Suggestions to get my BIOS back? Would a flash on a thumbdrive possibly write over whatever the Command Center did?
Well that was a wild ride I didn't want to take, but hopefully will help others with the same debug codes that I've seen around here, that never got an answer...
4C 55 00 19 0D

I collected some various suggestions around the forums, and went through my typical process of elimination
  1. BIOS reset (via jumper) = no BIOS/POST
  2. BIOS batt pulled (pc unplugged, of course), left out for 30 seconds, reinserted = no BIOS/POST
  3. inspired by some that got debug code 55 upon first install of the mobo, pulled Memory Sticks from DIMM slots 2-4 = BIOS and system operating on a single 8GB stick. Poked around BIOS settings, turned off Game Boost (little concerned that, that didn't turn aoff with the jumper-initiated reset), played with fan speeds again (didn't throttle the CPU fan, despite settings changes)
  4. rebooted to test settings stuck and BIOS was still accessible after changes were made = good
  5. inserted 2nd stick into DIMM slot 2 = BIOS and system operating on two 8GB sticks
  6. Inserted 3rd stick into DIMM slot 3 = BIOS and system operating on three 8GB sticks
  7. Inserted 4th stick into DIMM slot 4 = no BIOS/POST, and the 4C 55 00 19 0D debug code showing again, also noticed an LED slow flashing above the JTBT1 pins ( SLOW_1 switch is set to SLOW), which it does not do, during normal operation (this LED is not listed in the manual)


8. removed stick from DIMM slot 3, and moved stick from DIMM slot 4 into DIMM slot 3 = BIOS and system operating on three 8GB sticks and the LED above JTBT1 stopped flashing​
9. moved stick from DIMM slot 3 to DIMM slot 4 (to test if DIMM slot 4 was the failure point of origin) = BIOS and system operating on three 8GB sticks in DIMM slots 1, 2 & 4​
10. inserted 4th stick into DIMM slot 3 = no BIOS/POST, and the 4C 55 00 19 0D debug code showing again​
11. removed stick from 4th DIMM slot, booted and went to MSI's site, noted BIOS update version (a few versions have been released since my install in 2017; v1.A0 to V1.I0), put update on a thumbdrive, rebooted and flashed the BIOS​

12. rebooted with new BIOS version, still only 3 sticks in memory banks, and booted successfully​
13. nstered 4th stick into DIMM slot 4 again, and booted successfully​
What I learned from this:
  1. Don't trust MSI Command Center
  2. I should buy a physical 4 fan throttler with front panel dials
  3. Zalman CPU cooler (large copper fin with single fan and blue LED below ) does not throttle without a physical controller; it comes with one, but 11 years ago the throttler's molexes got in the way of another system fan, and has since been lost to the depths of my spare parts bins


I'd posted the question initially, in case there was a simple one-step fix, that someone else had encountered, but since that wasn't the case, I hope my efforts help others with this board.

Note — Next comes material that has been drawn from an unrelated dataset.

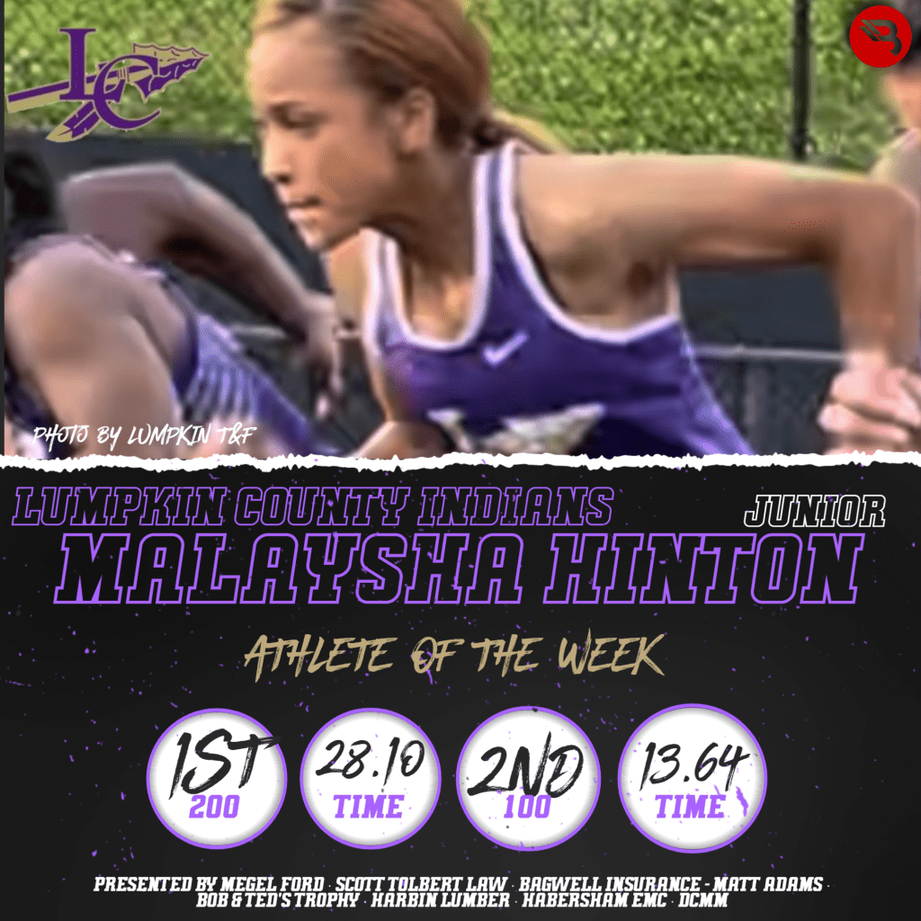 Malaysha Hinton takes her second POW award. The junior sprinter was 1st in the 200 with a 28.10, and 2nd in the 100 with a 13.64 last week for Lumpkin County.

I still don't know what the slow-blinking LED was indicating
 
Last edited:

QwerkyPengwen

Dignified
Herald
I came in here to let you know that I haven't bothered to fully read the first part of this because the letters are gigantic and in bold.

Which distracts and irritates me.
Especially on mobile where it's taking up way too much of my screen for like two sentences.
 
Dec 6, 2019
4
0
20
1
I came in here to let you know that I haven't bothered to fully read the first part of this because the letters are gigantic and in bold.
SORRY, don't know why it defaulted that way, thought it was behaving similar to other forums, where fonts were large until posted...resolved

side note, you coulda just said, "your font is too big" and that would have been enough...
 

QwerkyPengwen

Dignified
Herald
just do a CMOS reset.
see if that helps.

also, I wouldn't bother trying to use something like command center software for fan speeds in the BIOS when you can just go into the BIOS and set it all up there.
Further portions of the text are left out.